Succédant à François Billoux à l’Assemblée nationale Guy Hermier, c’est encore et surtout Marseille, cette ville qui fut pour lui l’objet d’un grand amour réciproque. Il en a été toujours la voix, une voix importante, pertinente et respectée par tous. Une voix donnant pleinement la dimension de Marseille, ville – monde, carrefour des civilisations, animée de passions très fortes mêlées à la générosité et la tolérance. Guy Hermier aimait d’ailleurs à répéter souvent ces termes qui lui collaient aussi à la peau « Marseille, ville rebelle ».

  • C’est vrai pour la part qu’il a prise à la vie politique de la cité.
  • C’est vrai dans la part qu’il a prise dans les quartiers nord dont il a été le maire incontesté, comme à l’Assemblée nationale dans les luttes et notamment celle des dockers avec la bataille de la loi de 1992.
  • C’est vrai pour la reconnaissance du génocide arménien.
  • C’est encore vrai de la fin des années 70 jusqu’à sa mort, pour les combats qu’il a menés contre les exclusions, le racisme et la xénophobie, contre le Front national, des combats toujours vainqueurs.
  • C’est toujours vrai, prenant en cela les chemins explorés par François Billoux dont il aimait à rappeler la campagne pour « Marseille-Propre », quand en plein cœur des « affaires » qui agitaient la ville, il élèvera la voix à Marseille et à Paris. Il sera d’ailleurs en 1993, le vice-président de la commission d’enquête parlementaire anti-mafia et le président de la commission d’enquête sur le DPS (service d’ordre du FN) après l’assassinat du jeune Ibrahim ALI.
  • Il était le leader incontesté de Marseille, Marseille révolutionnaire et progressiste, Marseille de gauche, Marseille rebelle.

AFFICHES    des années 30 …..au vote anti FN

Affiche 1 : L’hystérie anti ouvrière et anti communiste aux USA, conduit des innocents à la chaise électrique.

1927 : Deux immigrés Italiens : Sacco et Vanzetti

1953 : Deux citoyens Américains : Ethel et Julius Rosenberg

Affiche 2 : Ils ont électrocuté deux innocents Ethel et Julius ROSENBERG que les assassins soient maudits à jamais.
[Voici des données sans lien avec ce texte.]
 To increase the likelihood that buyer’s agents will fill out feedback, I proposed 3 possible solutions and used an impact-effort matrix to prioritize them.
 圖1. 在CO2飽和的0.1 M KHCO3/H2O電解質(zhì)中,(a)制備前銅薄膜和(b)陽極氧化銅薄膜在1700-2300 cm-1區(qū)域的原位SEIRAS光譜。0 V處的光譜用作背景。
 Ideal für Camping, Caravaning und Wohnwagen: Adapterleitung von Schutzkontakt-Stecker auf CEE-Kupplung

Affiche 3 : 1924. Réalisée pour les législatives par Grandjouan, fameux dessinateur de gauche du début du siècle, cette affiche du PCF est une réponse à la célèbre caricature du « couteau entre les dents » financée par un comité patronal en 1929.
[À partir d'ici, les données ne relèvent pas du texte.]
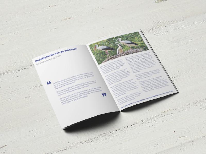 Om de bevindingen van deze werkstukken te kunnen presenteren en nader toe te lichten is door Studio Hey in opdracht van Adviespraktijk voor Vogels en Ooievaarsbuitenstation de Lokkerij een brochure ontwikkelt. Deze brochure is uitgevoerd op A5 formaat, de cover is gedrukt op 250 grs. glanzend papier en het binnenwerk is gedrukt op 135 grs. glanzend papier. In de brochure zijn d.m.v. QR-codes links gelegd naar de website van de Adviespraktijk voor Vogels en Ooievaarsbuitenstation de Lokkerij om de lezer zo eenvoudig door te verwijzen naar meer achtergrondinformatie online.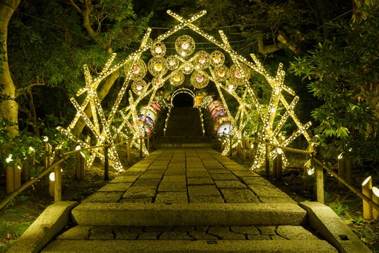 ~HANA・BIYORI × 竹あかり~」を開催しています。優美にライトアップされた樹木や花々、文化財、竹に穴をあけて明かりを灯す約 1,000 本の竹あかりなど、やわらかな光に包まれるライティングイベントです。ジュエルミネーションとは一味違う和のイルミネーションで、優雅なひと時をお過ごしください。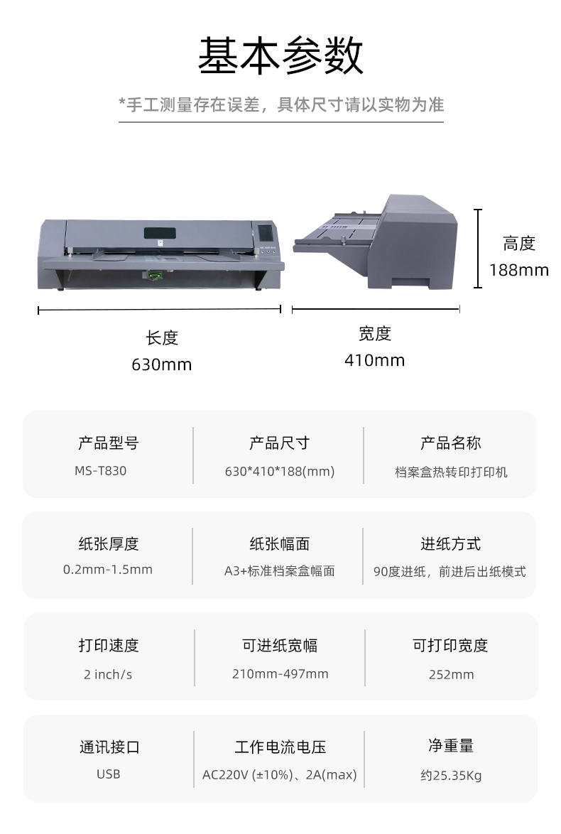 美松MS-T830檔案盒熱轉(zhuǎn)印打印機,熱轉(zhuǎn)印設(shè)備,熱轉(zhuǎn)印機器針對已印刷的檔案盒封面進行二次加印,或單張空白版面牛皮紙,無酸紙,證件內(nèi)頁進行打印的設(shè)備.采用碳帶熱轉(zhuǎn)印方式打印,文字清晰耐刮永不褪色.電腦排版完即可通過USB打印無需制版,A3+標(biāo)準(zhǔn)檔案盒幅面,方便快捷成本低廉,機構(gòu)可靠性高,操作,維護簡單.適用于公檢法,檔案局,審批局,醫(yī)療診所,教育機構(gòu),煙草,房產(chǎn)管理,電力,鐵路等行業(yè)。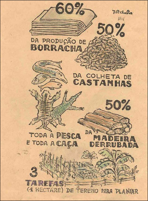 Chabloz, J.-P. (1943e). Página da cartilha do soldado da borracha. 21 x 13 cm. Acervo Jean Pierre Chabloz, Museu de Arte da Universidade Federal do Ceará, Fortaleza.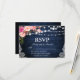 Rustic Wedding Blue Wood String Lights Lace Watercolor Pink Floral RSVP Card

AFFICHES                 des années 30 …..au vote anti FN

Guerre à la guerre. Du beurre, pas des canons.

Des affiches de la fin des années 50.

Affiche 1 : Le surarmement c’est la hausse des prix quand les casernes se remplissent les porte-monnaie se vident. Édité par le parti communiste français.
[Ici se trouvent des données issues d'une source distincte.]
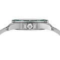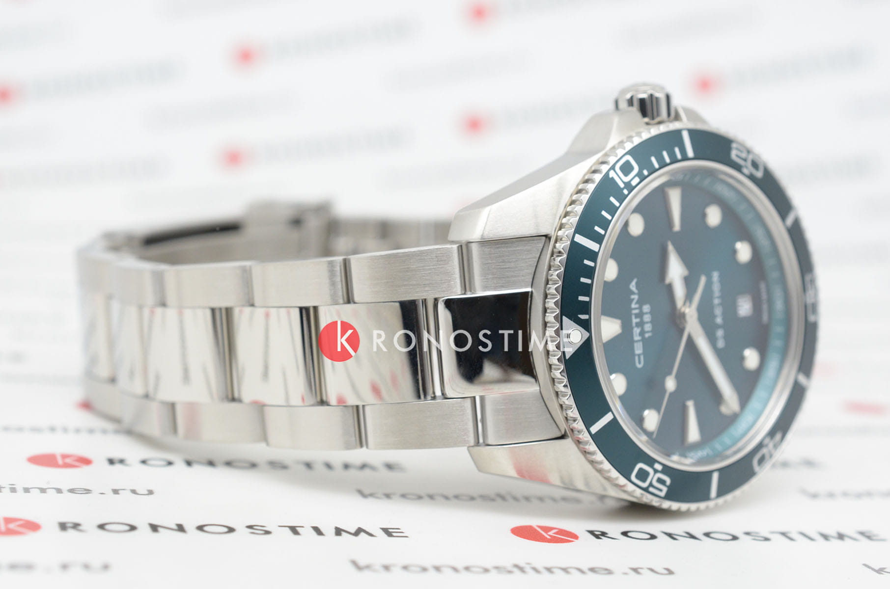 Certina DS Action C048.410.11.091.00 – элегантные мужские часы, сочетающие современный дизайн и высокую функциональность. Корпус диаметром 40 мм выполнен из нержавеющей стали 316L, обеспечивающей прочность и долговечность. Зелёный циферблат с метками и стрелками, покрытыми люминесцентным покрытиемЛюминесцентное покрытиеПозволяет считывать показания времени в темноте. Производители наносят на стрелки, часовые индексы, безель или поверхность циферблата светонакопительный состав, дающий холодное свечение., обеспечивает отличную читаемость в любых условиях, а его поверхность защищена сапфировым стекломСапфировое стеклоПрочный и надёжный материал из кристалла сапфира синтетического происхождения, характеризующийся особой твёрдостью и устойчивостью к царапинам и повреждениям. с антибликовым покрытиемАнтибликовое покрытиеСлой оксида металла в 0,13-0,3 микрон, благодаря которому стекло часов не бликует и не отражает свет. Антибликовое покрытие уменьшает отражение света в 10 раз, обеспечивая отличную читаемость показателей циферблата., устойчивым к царапинам.БезельБезельВнешний ободок, закрепляющий стекло. В спортивных часах так называется поворотное кольцо с делениями на циферблате, выполняет роль таймера – замеряет отрезки времени на шкале. Неподвижный безель – элемент декора. Однонаправленно вращающийся безель на дайверских часах позволяет фиксировать моменты погружения и выныривания на поверхность. с PVD-покрытиемPVDУльтратонкое покрытие наносится в технике вакуумного напыления, сочетает в себе нитрид титана особой прочности со слоем золота или оксида хрома. Несёт в себе декоративную или защитную функцию.. Часы оснащены швейцарским кварцевым механизмом ETA F06.412 с технологией Precidrive™Precidrive™Инновационный кварцевый механизм Certina. Часы, оснащённые этим швейцарским калибром, приравниваются к точности к сертифицированным хронометрам, точность хода составляет +/-10 секунд в год., обеспечивающей исключительную точность хода. Функция EOLEOLПредставляет собой систему, уведомляющую владельца часов о необходимости замены элемента питания. За 2 недели до полного разряда батарейки секундная стрелка перестаёт ходить чётко и начинает перепрыгивать на 3-4 деления. (индикатор окончания заряда батареи) предупреждает о необходимости замены элемента питания. Браслет из нержавеющей стали 316L оснащён системой быстрой замены, позволяющей легко адаптировать стиль часов. Водонепроницаемость 300 метров (30 бар) делает модель идеальным выбором для плавания и дайвинга.

Affiche 2 : Pacte de paix des cinq grands et reconstruction dans une France Libre / CHOISIR / Pacte atlantique de guerre et destruction d’une France asservie.

De Marseille propre à la reconstruction de Marseille

Le PCF, va connaître une première grande mutation dans les années 30 à Marseille. Cela va se faire sous l’impulsion de François Billoux (photo en haut à droite) qui sera député de Marseille pendant plus de trente ans, plusieurs fois Ministre à la Libération.

Dans les années 30, Marseille est sous la coupe de Sabiani (qui utilise la pègre avec Spirito et Carbonne) et qui de fait dirige la Mairie. Ce triste personnage finira sous l’uniforme nazi. François Billoux relève le défi et lance une très forte et grande campagne pour « Marseille-propre » qui sera victorieuse. Les Marseillais retrouvent la dignité de leur ville.

Cela va amener de belles luttes contre les factieux en 1934, des pactes d’unité et d’action sont réalisés entre les partis de gauche et auront des résultats avant ceux de 1936 au plan national.

Un autre député de Marseille, Jean Cristofol (ci-contre), va accrocher son nom à la reconstruction de la ville dès la fin de la guerre. Il sera d’ailleurs le premier député à rejoindre Marseille avec les troupes du débarquement de Provence. Il va aussitôt reconstituer la fédération légale du PCF. Il va mener une grande bataille pour que Marseille retrouve ses libertés communales (Marseille était dotée d’un « gouverneur » depuis l’incendie des Nouvelles Galeries en 1938) et en sera d’ailleurs le premier Maire. Et c’est avec lui que vont naître les « troupes de choc », composées de volontaires et qui vont reconstruire la ville, un peu chaque soir, beaucoup chaque week-end. Cette épopée est retracé dans un très beau film : « Voilà Marseille ».